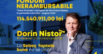 PRIMARUL LIBERAL DORIN NISTOR A DEMONSTRAT CĂ LA SEBEȘ S-A PUTUT ÎNTR-UN SINGUR MANDAT CEEA CE NU S-A FĂCUT ÎN 4 MANDATE: FONDURI NERAMBURSABILE CÂȘTIGATE PENTRU SEBEȘ ÎN VALOARE DE 114 MILIOANE LEI!
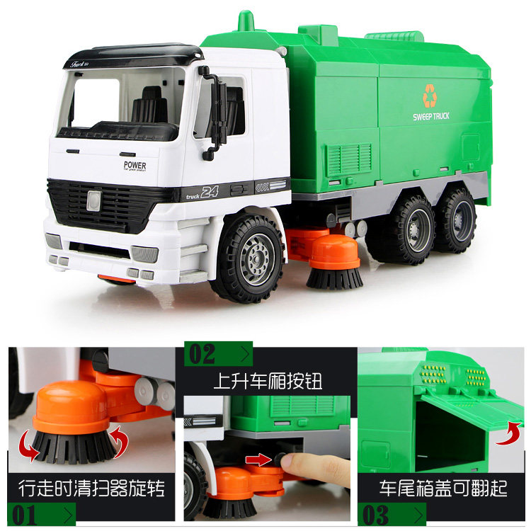 The regular section sweeper (broom will turn) the sound and light style sweeping car (broom will turn) the upgraded version of the sweeping car (the broom will turn) the green inertial tipping bucket (one-key skip) yellow Inertial Tipping car (
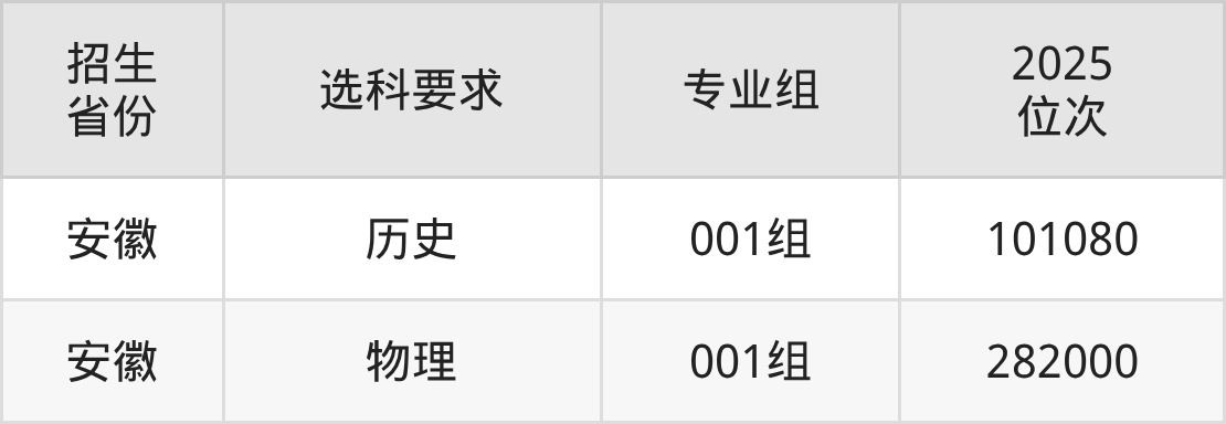 安徽艺术职业学院2025年的位次差异较大,最高位次是101080位(安徽历史类)、最低位次是282000位(安徽物理类)。具体位次请看下图:
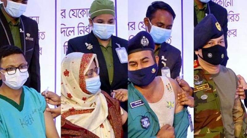 করোনা টিকা গ্রহণকারী প্রথম পাঁচজন হলেন নার্স রুনু ভেরোনিকা কোস্তা, চিকিৎসক ডা. আহমেদ লুৎফুল মোবেন, স্বাস্থ্য অধিদপ্তরের অতিরিক্ত মহাপরিচালক অধ্যাপক ডা. নাসিমা সুলতানা, ট্রাফিক পুলিশ মো. দিদারুল ইসলাম ও বাংলাদেশ সেনাবাহিনীর বিগ্রেডিয়ার জেনারেল এম ইমরান হামিদ।
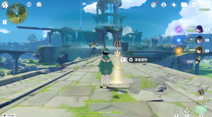 9、装备留影机后,切换蒙德角色,准备拍摄。
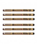Pigma Micron pens are waterproof and permanent fineliners that are loyally used by designers, scientists, archivists, architects, Manga artists, cartoonists, illustrators and hobbyists. The fine nib makes this pen ideal for creating both technical and artistic drawings. The fineliners have a protective metal sleeve around the extended tip to give extra control and increased resilience when used with drawing aids such as rulers. This permanent, fade resistant, chemically stable, pigment-based ink will not bleed or run if liquids are spilled on or applied to the document after the ink has dried. Perfect for legal situations, Pigma ink is nearly impossible to alter on documents, in log books, or on checks. Architects, archivists, anthropologists, entomologists and laboratories depend on Pigma Micron for record keeping. Pigma Micron is the first disposable technical pen using archival pigmented ink. It does not smear, feather, or bleed through on most paper. Sold as a pack of 6. Specifications: Working temp.: 5˚C - 40˚C Ink type: Water-based pigment ink Size: 135 mm
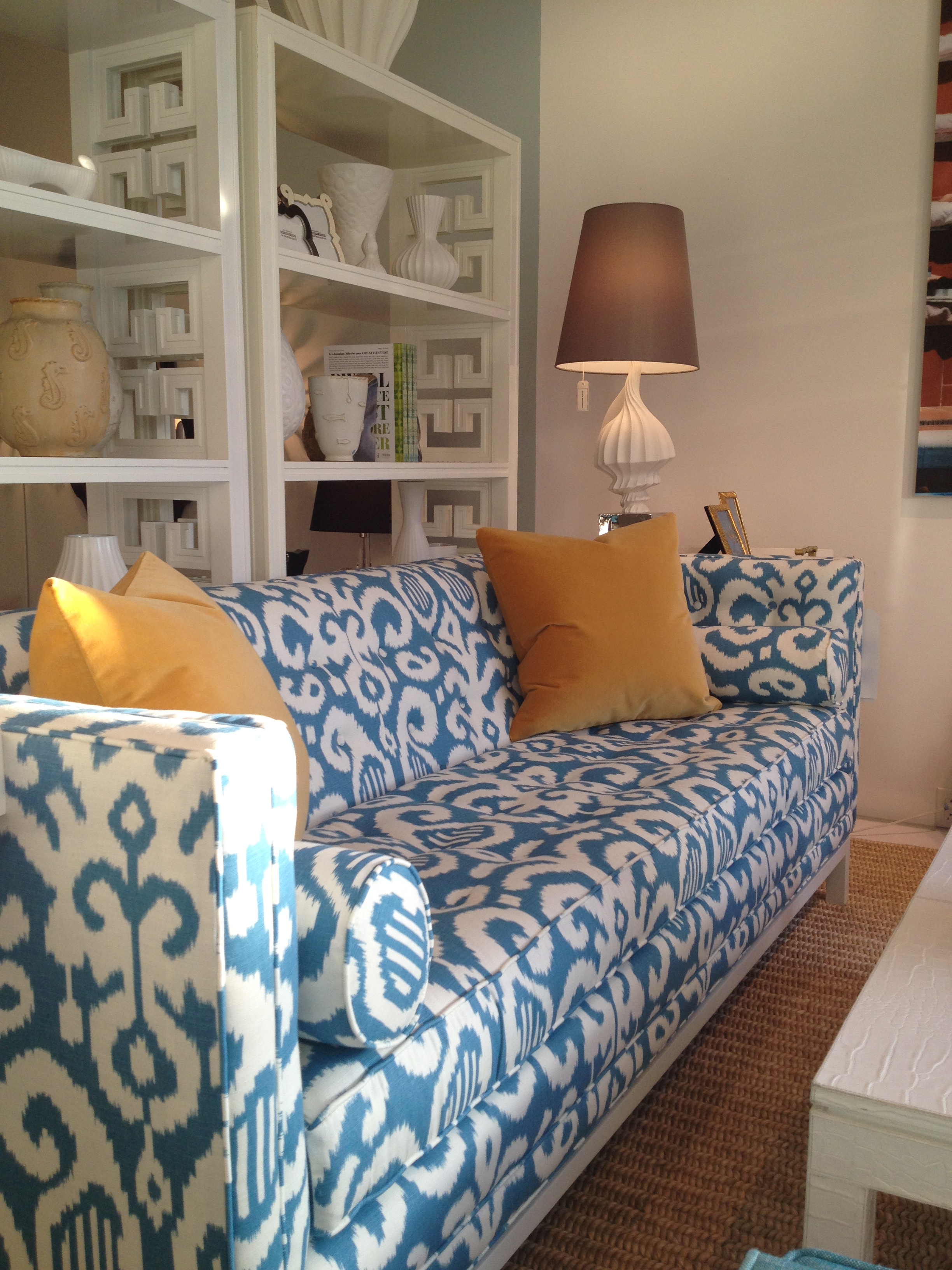 I particularly loved this mid-century style chair with a lavender, cream and coral ikat print on a blue and white chevron rug. Such a fun mix of color and pattern, don’t ya think?
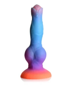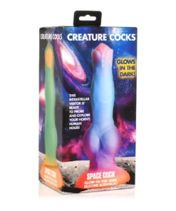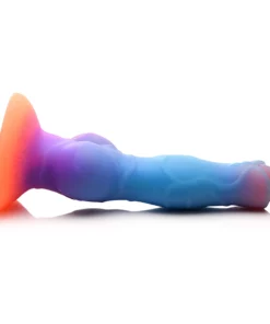 XR Brands Creature Cocks silikonowy model świecący w ciemności to innowacyjny produkt zaprojektowany z myślą o fanach kreatywnych akcesoriow i kolekcjonerach unikalnych przedmiotow. Wyrożnia się efektownym, kosmicznym wzornictwem oraz zastosowaniem wysokiej jakości silikonu, ktory zapewnia trwałość i łatwość utrzymania w czystości. Model ten został wzbogacony o intensywne, psychodeliczne kolory przechodzące od czerwono-pomarańczowej podstawy do fioletu i błękitu, co nadaje mu wyjątkowy, futurystyczny charakter. Dodatkowo powierzchnię pokryto brokatem, ktory po naświetleniu światłem słonecznym lub UV świeci w ciemności, potęgując efekt wizualny.
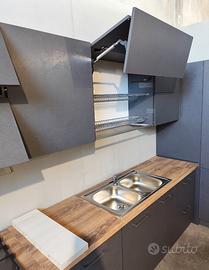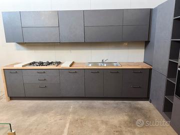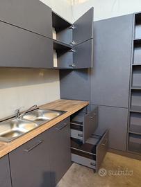 Cucina di fine serie NUOVA di quasi 7 metri, adattabile alle vostre misure grazie ad un top in laminato sp. 4 cm ancora da tagliare e forare in base alle vostre misure.
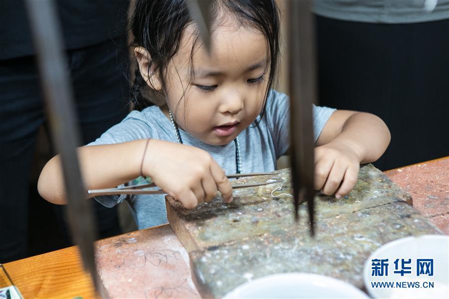 8月3日,來自西安的小朋友月白在龍?zhí)栥y飾體驗工作室中學習制作銀飾。
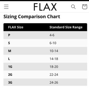 Flax sizing chart in photos medium is US size 10 to 14
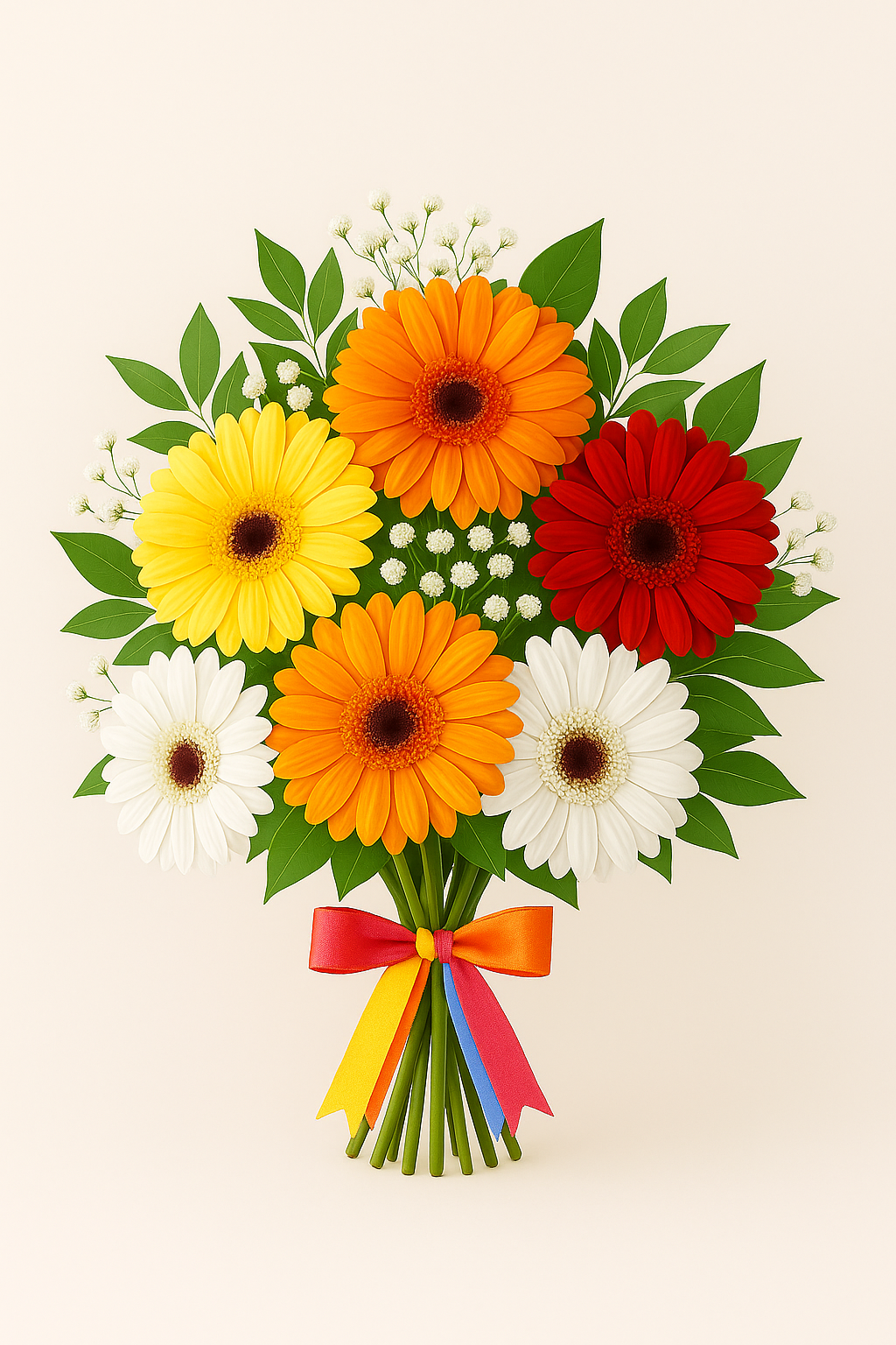 Questa composizione vivace unisce gerbere rosse, arancioni, gialle e bianche in un abbraccio armonioso, accompagnate da delicata gypsophila bianca (nebbia) e da foglie verdi fresche e lucenti. Il tocco finale? Un elegante fiocco arcobaleno che celebra la felicitร in tutte le sue sfumature.
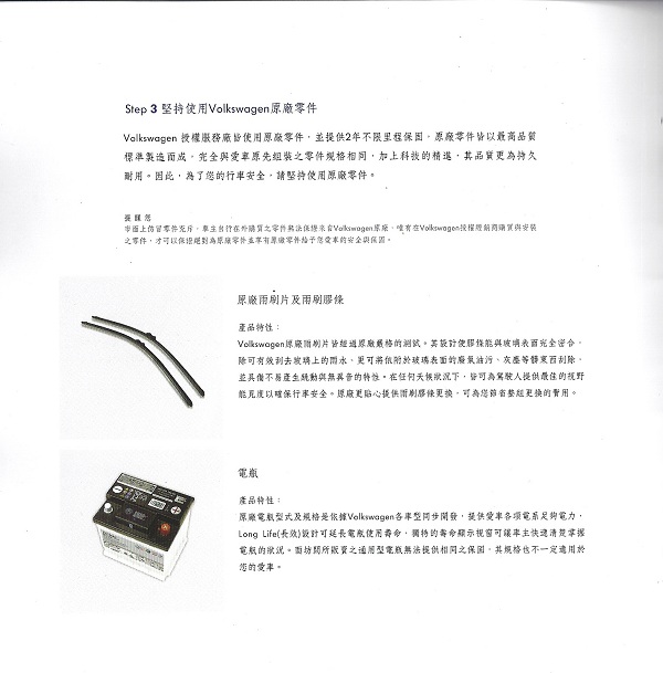 當各位VW車主進到了VW保養廠,都可以看到一本印刷精美的保養觀念指導手冊,內容大致是說小心不要用到假的零件,會對車輛造成損害與危險,當然最好是都在原廠或是原廠授權的廠家〈VW體系有一個Stop+Go的連鎖體系,其實都是早期維修VW的老技師或是學成外出自己開業的VW技師〉,進行維修保養!
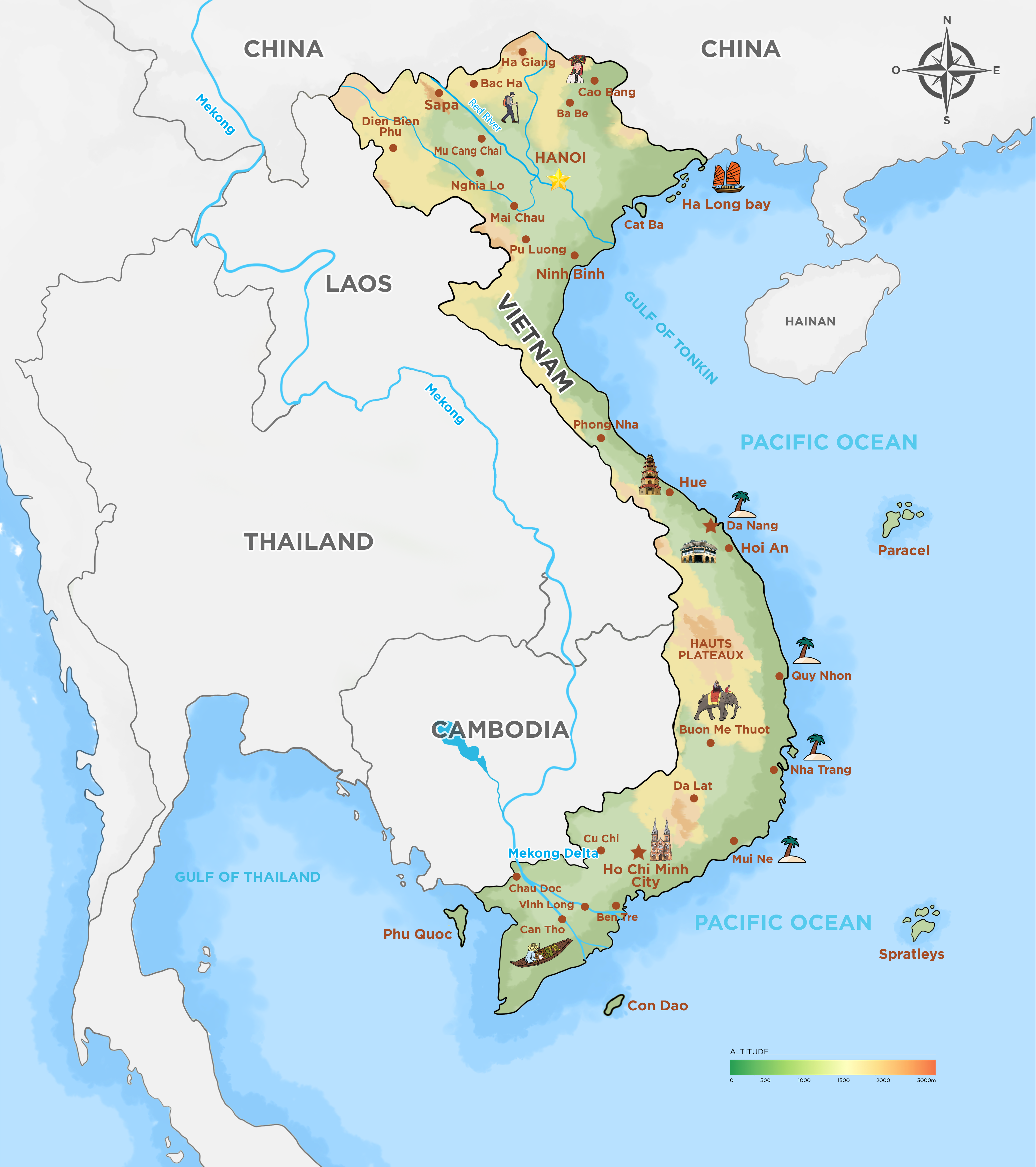Posizione Geografica: Situato nel Sud-est asiatico, confina a nord con la Cina, a ovest con il Laos e la Cambogia e a est con il Mar Cinese Meridionale (o Mare Orientale).

__________________________________________________

Retype verbatim only the lines beginning with the line that contains "當各位VW車主進到了VW保養" and ending with the last line of the listing above; pictures are to be excluded.

 當各位VW車主進到了VW保養廠,都可以看到一本印刷精美的保養觀念指導手冊,內容大致是說小心不要用到假的零件,會對車輛造成損害與危險,當然最好是都在原廠或是原廠授權的廠家〈VW體系有一個Stop+Go的連鎖體系,其實都是早期維修VW的老技師或是學成外出自己開業的VW技師〉,進行維修保養!
Posizione Geografica: Situato nel Sud-est asiatico, confina a nord con la Cina, a ovest con il Laos e la Cambogia e a est con il Mar Cinese Meridionale (o Mare Orientale).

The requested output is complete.